Home Uncategorized California, Cannabis and Telehealth: Part I

California, Cannabis and Telehealth: Part I


The ancillary companies that provide goods and services to the cannabis industry are legion. From equipment, real estate, legal services, and technology to packaging, labeling, intellectual property, hardware, and apparel, the list is basically endless for the opportunities that abound in the cannabis ancillary sector. One of the cooler ancillary areas that hasn’t gotten a ton of play is the cross section of telehealth and medical cannabis, especially where medical cannabis has overwhelmingly been deemed an essential service during COVID.

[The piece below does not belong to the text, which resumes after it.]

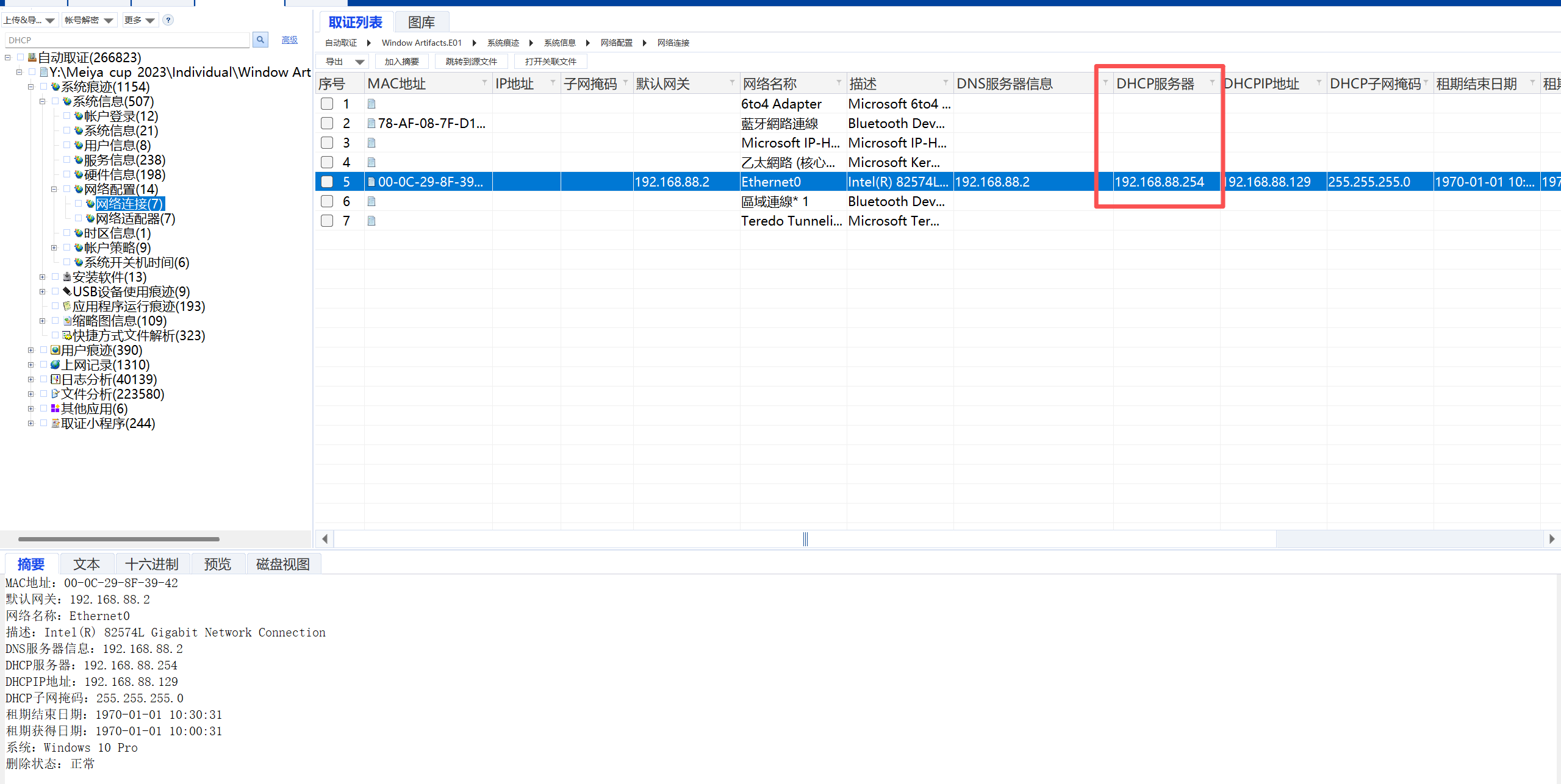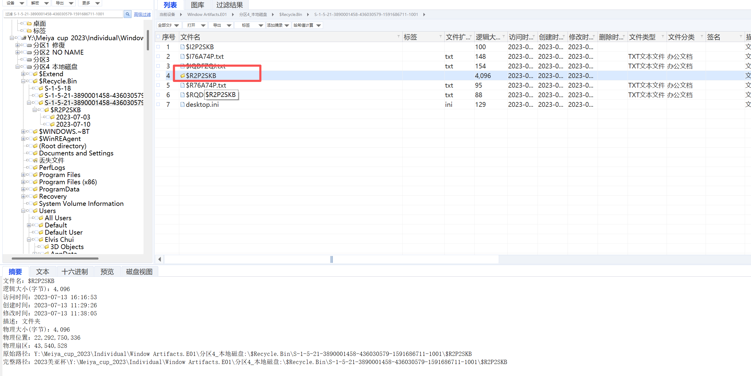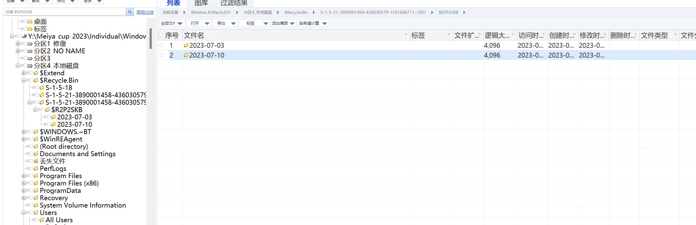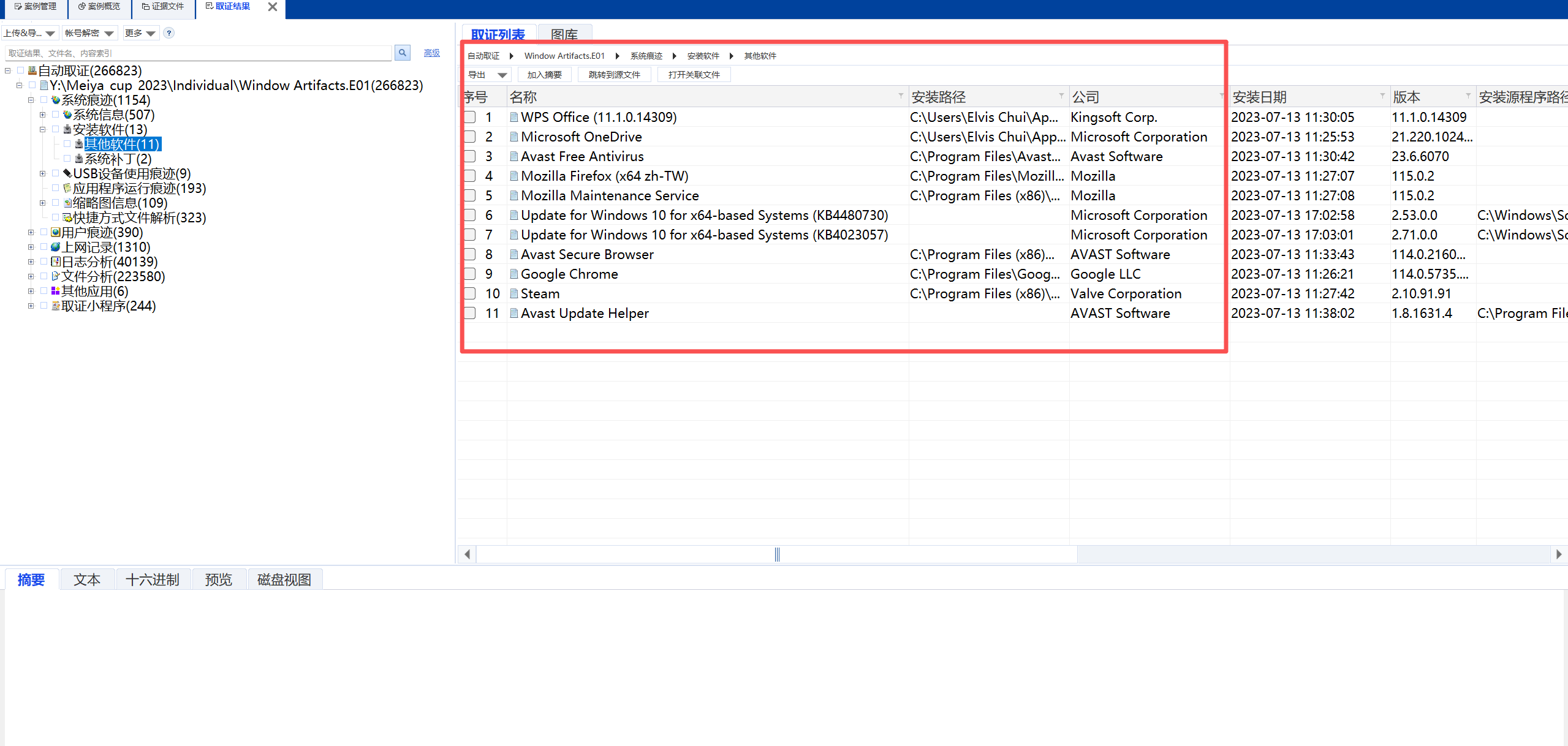 填空题\] Elvis Chui 总共登入过该计算机多少次?根据 'Window Artifacts.E01' 内的Windows 注册表记录 #### 开始查找 从系统痕迹中开始查找 系统痕迹 ---\> 用户信息 ---\> Elvis Chui 发现为11次  ## 2 #### 题目描述: 该计算机的操作系统是在哪一个时区? #### 开始查找 直接从这样查找 系统痕迹 ---\> 系统信息 ---\> 时区信息 是:UTC+8  ## 3 #### 题目描述: 该计算机的操作系统于何时安装?(以计算机系统时区回答) #### 开始查找 直接 系统痕迹 ---\> 系统信息 ---\> 安装时间 是在:2023-07-13 11:18:14  ## 4 #### 题目描述: 哪(几)个程序会于操作系统启动时自动执行? #### 开始查找 直接在 用户痕迹 ---\> 开机自启动程序 ---\> 开机自动运行程序 有以下5个  ## 5 #### 题目描述: 该计算机内安装了以下哪一个程序? A. QQ B. WPS Office C. Opera D. Kaspersky #### 开始查找 直接在 系统痕迹 ---\> 安装软件 ---\> 其他软件 可以看到只有WPS Office有 答案:WPS Office  ## 6 #### 题目描述: 计算机内的OneDrive程序版本是什么? #### 开始查找 还是 系统痕迹 ---\> 安装软件 ---\> 其他软件 可以看到它的版本为: 21.220.1024.0005  ## 7 #### 题目描述: 计算机有一个正在连接的网络接口,该接口连接DHCP服务器的IP地址是多少?提示: 以 IPV4格式回答 #### 开始查找 这里查看 系统痕迹 ---\> 网络配置 ---\> 网络连接 可以发现有一个DHCP服务器,刚好它问的是该接口连接DHCP服务器的IP是多少,那么就是这个 答案:192.168.88.254  ## 8 #### 题目描述: 参考'Window Artifacts.E01'内的Windows注册表回答以下题目,该计算机何时连接过一只U盘?(以计算机系统时区回答) A. 2023-07-13 11:48:26 B. 2023-07-13 03:48:29 C. 2023-07-12 19:48:29 D. 2023-07-13 11:48:29 #### 开始查找 从这里查找 系统痕迹 ---\> USB设备使用痕迹 ---\> 正常的USB设备使用痕迹 上面的Hub是集线器,那么就只有这个了 2023-07-13 11:48:28 时间上有一秒的差异,可能是因为取整策略不同 选择 D 选项  ## 9 #### 题目描述: Elvis Chui 将哪几个文本文件放在回收站中? A:$+D10I76A74P.txt B:Holiday schedule 2023-07-16.txt C:Holiday schedule 2023-07-13.txt D:Minute on 2023-07-01.txt E:Minute on 2023-07-10.txt #### 开始查找 直接在 用户痕迹 ---\> 回收站删除记录 中查找  但是这里的meeting文件无法打开,跳转到源文件看一下  到这个文件夹下了,打开看看  有个7月3号和10号的文件夹,看看10号的 3号的都是选项中没有的文件所以就不管了,看到10号的中有一个是选项中的  答案:BE ## 10 #### 题目描述: Elvis Chui在什么时间删除了第一个文本文件?(以计算机系统时区回答) A. 2023-07-13 11:50:15 B. 2023-07-13 03:49:45 C. 2023-07-13 03:50:15 D. 2023-07-13 11:49:45 #### 开始查找 上题的第一个文本文件是Holiday schedule 2023-07-16.txt 那么直接看它的删除时间是多少 答案:2023-07-13 11:49:45  ## 11 #### 题目描述: Elvis Chui删除的第一个文本文件的文件名是什么?提示: 请用小写字母回答及需列明文件格式。如文件名字内有空格位置,请用_标示。例如: go_to_school.docx #### 开始查找 还是和上题一样的文件,只不过是文件名了 答案:holiday_schedule_2023-07-16.txt  ## 12 #### 题目描述: Elvis Chui删除的第一个文本文件在什么时间创建?(以计算机系统时区回答) A. 2023-07-13_11:42:39 B. 2023-07-13_11:50:49 C. 2023-07-13_11:49:45 D. 2023-07-13_11:45:22 #### 开始查找 在这里看不到创建时间,跳转到源文件 可以看到创建时间为 2023-07-13 11:45:22 选择D选项  ## 13 #### 题目描述: Elvis Chui计划于2023年7月15日20点5分有什么活动?提示: 答案请与文件内的文字与大细阶相同 #### 开始查找 找了一圈没发现7月15号的文件,但是突然一想,回收站里的那个名字就是写的7月15,打开看一下,看看是不是活动策划,发现还真是  答案就是2005的:Movie ## 14 #### 题目描述: 该计算机执行STEAM.EXE总共多少次?提示: 请用阿拉伯数字作答 #### 开始查找 直接在 系统痕迹 ---\> 应用程序运行痕迹 ---\> STEAM.EXE 下面会显示运行的时间和次数 答案:7

Just like state cannabis regulations, telehealth regulations vary by state. Telehealth (also known as telemedicine) is “. . . the distribution of  health-related services and information via electronic information and telecommunication technologies.” The use of telehealth has seen a considerable uptick during the pandemic. And securing cannabis recommendations from physicians via telehealth apps or platforms is no exception. Of course, giving and securing a recommendation in this manner comes with some caveats. In this post, I focus specifically on California’s current relationship with telehealth and cannabis, which has thankfully evolved.

Telehealth compliance in California is governed by, among other things, Business & Professions Code, Section 2290.5. The Medical Board of California (“MBC”) also provides comprehensive guidance regarding telehealth as well as guidance on physicians recommending cannabis for their patients. Specifically, MBC guidance on cannabis and telehealth provides that “[t]he use of telehealth in compliance with B&P Code section 2290.5, and used in a manner consistent with the standard of care is permissible.” Does this mean then that California physicians can start using telehealth to virtually dole out cannabis recommendation after recommendation? Definitely not. Let’s start with the cannabis side of things.

See also  Forced Labor and Cannabis

Proposition 215 (aka Health and Safety Code Section 11362.5), passed in 1996, permits qualified patients to acquire and use cannabis for specific medical needs via recommendations from their treating physician (cannabis cannot be prescribed because it is a federally illegal, Schedule I controlled substance). According to the MBC:

physicians should document that an appropriate physician-patient relationship has been established, prior to providing a recommendation, attestation, or authorization for cannabis to the patient. Consistent with the prevailing standard of care, physicians should not recommend, attest, or otherwise authorize cannabis for themselves or family members.

Further, pursuant to Business and Professions Code section 2525.2, a physician can’t recommend cannabis for medical purposes to a patient unless the physician is the patient’s attending physician, and “attending physician” means a “physician who has taken responsibility for an aspect of the medical care, treatment, diagnosis, counseling, or referral of a patient.”

The physician must also conduct and document a medical examination of the patient before deciding whether or not medical cannabis is appropriate for recommendation. At minimum, per the MBC, that physical exam (which maybe could be done now remotely because of COVID) should include:

the patient’s history of present illness; social history; past medical and surgical history; alcohol and substance use history; family history with emphasis on addiction, psychotic disorders, or mental illness; documentation of therapies with inadequate response; and diagnosis requiring the cannabis recommendation.

Business and Professions Code section 2525.3 states that physicians recommending cannabis to a patient for a medical purpose without an appropriate prior examination and a medical indication, constitutes unprofessional conduct. And all of this is in the context of a physician exercising the appropriate standard of care, which also includes, among other things, maintaining a treatment plan, ongoing monitoring of the patient, and compliant recordkeeping.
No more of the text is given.